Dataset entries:

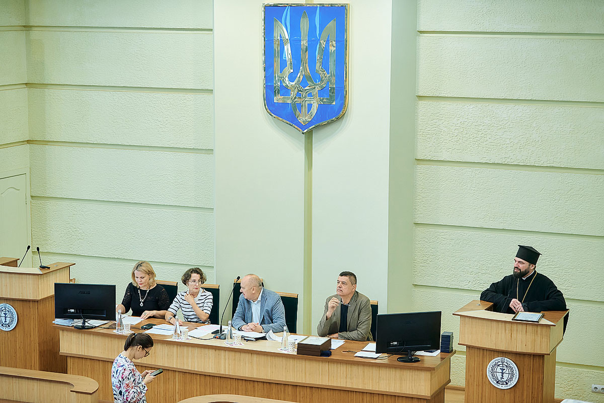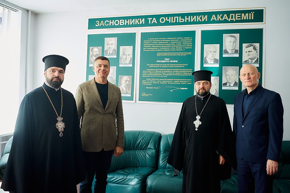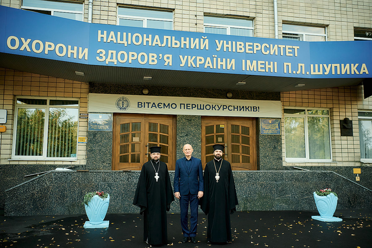 10 вересня 2025 року ректор КПБА прот. Ярослав Романчук разом із професором кафедри церковно-практичних дисциплін, головою Управління духовної освіти і богословської науки ПЦУ прот. Олександром Трофимлюком, здійснили робочий візит до Національного університету охорони здоров’я України імені П. Л. Шупика та взяли участь у засіданні Вченої ради. У рамках урочистої частини делегація Академії отримала відзнаки Університету.
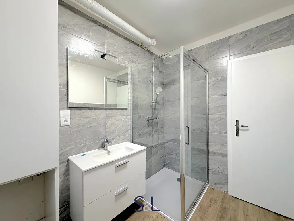 Koupelna disponuje sprchovým koutem, WC a přípravou na pračku a sušičku.
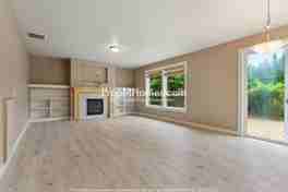 -Light-filled open-concept living with built-in shelving and gas fireplace
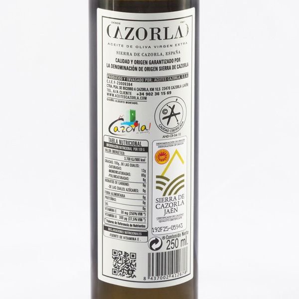 Šis aukščiausios kokybės extra virgin alyvuogių aliejus 250ml – šalto spaudimo, 100% natūralus, gaminamas Sierra de Cazorla regione Ispanijoje, puoselėjant ilgametes tradicijas nuo 1951 metų. Tai premium klasės aliejus, pasižymintis intensyviu skoniu, išskirtiniu aromatu ir vertingomis maistinėmis savybėmis.
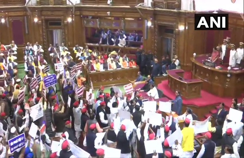 उत्तर प्रदेश विधानसभा में गुरुवार को जमकर हंगामा हुआ। विपक्षी पार्टियां सपा और बसपा के विधायकों ने सीएए, एनआरसी और सूबे में कानून व्यवस्था की स्थिति को लेकर नारेबाजी की। राज्यपाल आनंदी बेन पटेल को भाषण देने से रोका। हाथों में पोस्टर लेकर सरकार के खिलाफ विरोध जताया।
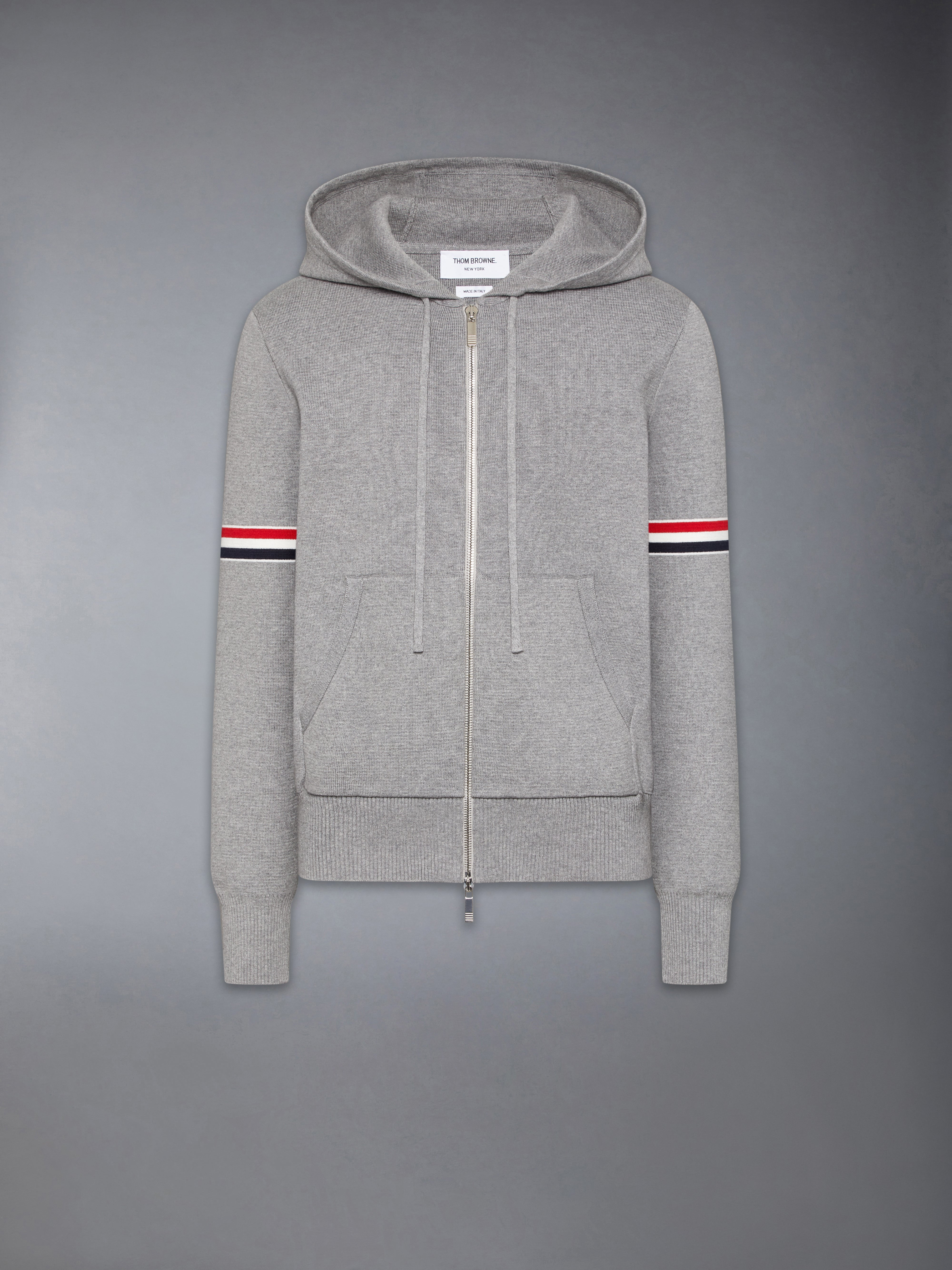 Zip hoodie in navy Milano stitch cotton with striped grosgrain armbands. 2-way zip closure, drawstring hood, slant welt side pockets. Buttoned cuffs with signature striped grosgrain trim. Model is 6' 1" (185cm), wearing size 0. 100% Cotton Made in Italy MKT008A-Y3007-055

Work item: Lines from the one with "उत्तर प्रदेश विधानसभा" through the final line of the records are the whole answer; print them exactly, minus any pictures.

Problem solution:
 उत्तर प्रदेश विधानसभा में गुरुवार को जमकर हंगामा हुआ। विपक्षी पार्टियां सपा और बसपा के विधायकों ने सीएए, एनआरसी और सूबे में कानून व्यवस्था की स्थिति को लेकर नारेबाजी की। राज्यपाल आनंदी बेन पटेल को भाषण देने से रोका। हाथों में पोस्टर लेकर सरकार के खिलाफ विरोध जताया।
 Zip hoodie in navy Milano stitch cotton with striped grosgrain armbands. 2-way zip closure, drawstring hood, slant welt side pockets. Buttoned cuffs with signature striped grosgrain trim. Model is 6' 1" (185cm), wearing size 0. 100% Cotton Made in Italy MKT008A-Y3007-055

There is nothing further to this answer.